METHODS:  We searched Medline and Embase for all original articles on cancer and sarcoidosis published up to January 2013. Two independent authors reviewed all titles/abstracts to identify studies according to predefined selection criteria. We derived summary estimates using a random-effects model and reported them as relative risk (RR). Publication bias was evaluated using a funnel plot and was quantified by the Egger test.
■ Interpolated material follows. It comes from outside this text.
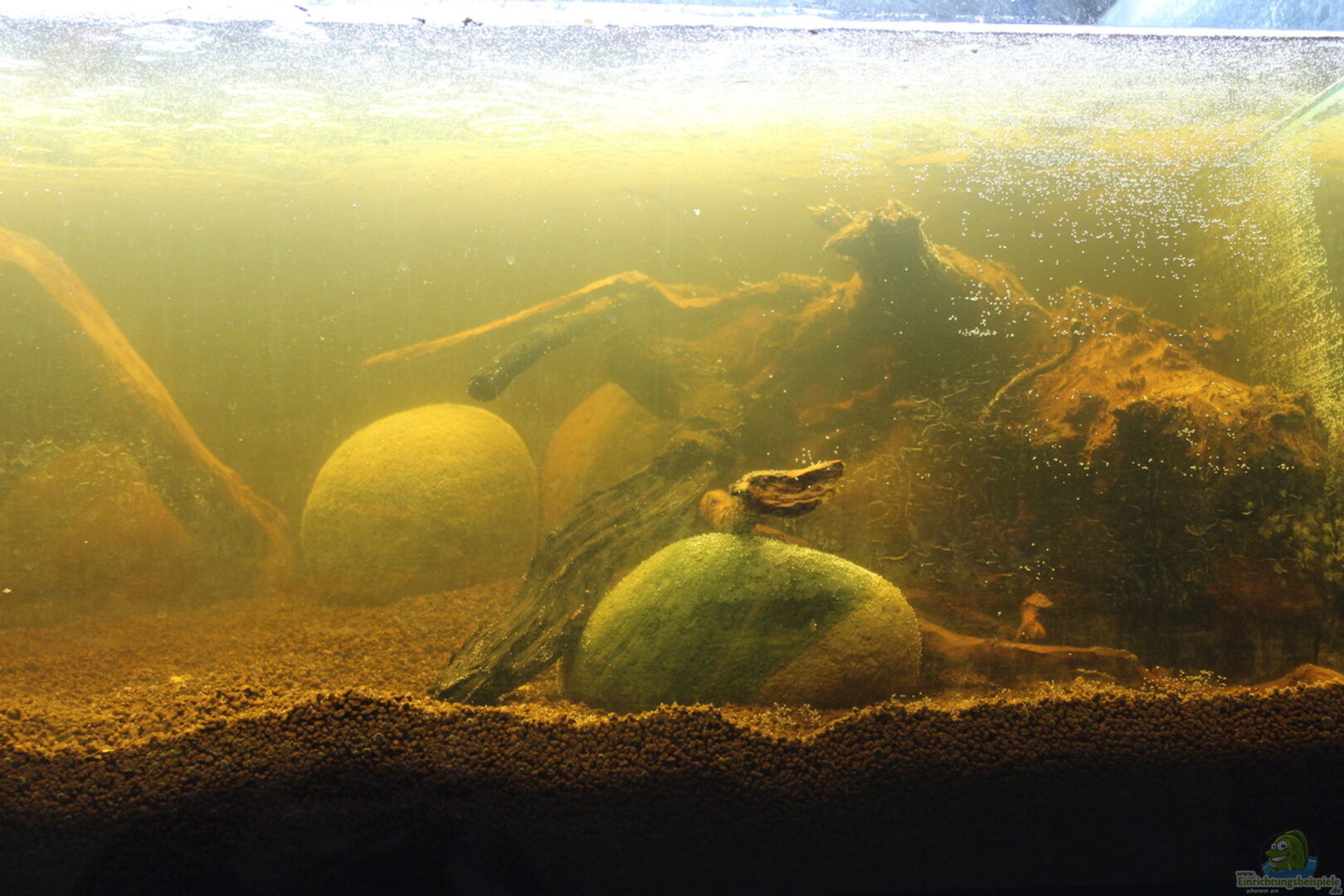 Tank Sirocco Glass of 8 mm, Front optical glass Lower frame: black aluminum Cover with transparent methacrylate Rear and side walls covered with brown cardboard 34 cm water column Effective volume 200 liters aprox. Objective: The wood has a major role in the chemistry of this aquarium. The wood is harvested from a continental Mediterranean climax forest of holm oaks. The tannins were diluted in the aquarium water to recreate the atmosphere of ecosystems of black water streams [...]

RESULTS:  Sixteen original studies, involving > 25,000 patients, were included in the present review. The summary RR to develop all invasive cancers was 1.19 (95% CI, 1.07-1.32). The results for selected cancer sites indicated a significantly increased risk of skin (RR, 2.00; 95% CI, 1.69-2.36), hematopoietic (RR, 1.92; 95% CI, 1.41-2.62), upper digestive tract (RR, 1.73; 95% CI, 1.07-2.79), kidney (RR, 1.55; 95% CI, 1.21-1.99), liver (RR, 1.79; 95% CI, 1.03-3.11), and colorectal cancers (RR, 1.33; 95% CI, 1.07-1.67). There was no evidence of publication bias for all cancers (P = .9), nor for any specific cancer site.

CONCLUSIONS:  The present meta-analysis suggests a significant, though moderate, association between sarcoidosis and malignancy.